▶ _WORK REQUEST_: The required output is the lines below from the line containing "Stylish cream mini" to the line containing "Hoy a la tarde, sobre", inclusive, retyped exactly. No other lines belong in it.

▶ _MATERIAL FOR THE TASK_:
* * * * * * *
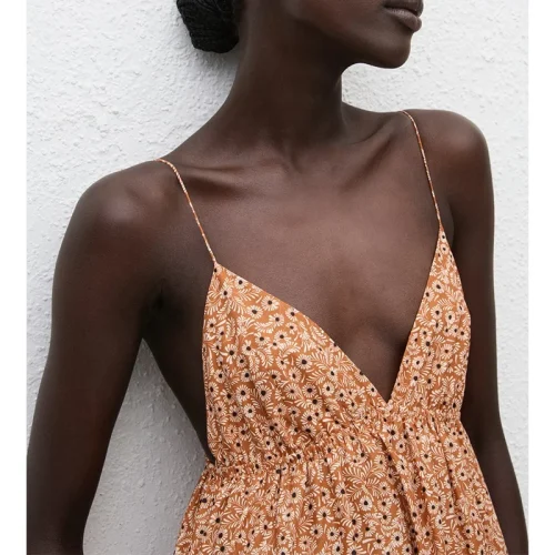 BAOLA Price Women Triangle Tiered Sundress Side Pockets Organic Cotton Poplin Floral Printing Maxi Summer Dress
* * * * * * *
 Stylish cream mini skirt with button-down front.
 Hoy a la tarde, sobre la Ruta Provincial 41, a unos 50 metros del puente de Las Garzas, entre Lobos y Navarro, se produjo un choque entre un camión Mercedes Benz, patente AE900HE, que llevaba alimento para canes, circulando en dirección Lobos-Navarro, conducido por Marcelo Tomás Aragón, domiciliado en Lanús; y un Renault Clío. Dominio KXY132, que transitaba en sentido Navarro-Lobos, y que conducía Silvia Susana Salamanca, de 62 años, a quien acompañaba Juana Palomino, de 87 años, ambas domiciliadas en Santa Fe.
* * * * * * *
▶ _THE ANSWER_:
 Stylish cream mini skirt with button-down front.
 Hoy a la tarde, sobre la Ruta Provincial 41, a unos 50 metros del puente de Las Garzas, entre Lobos y Navarro, se produjo un choque entre un camión Mercedes Benz, patente AE900HE, que llevaba alimento para canes, circulando en dirección Lobos-Navarro, conducido por Marcelo Tomás Aragón, domiciliado en Lanús; y un Renault Clío. Dominio KXY132, que transitaba en sentido Navarro-Lobos, y que conducía Silvia Susana Salamanca, de 62 años, a quien acompañaba Juana Palomino, de 87 años, ambas domiciliadas en Santa Fe.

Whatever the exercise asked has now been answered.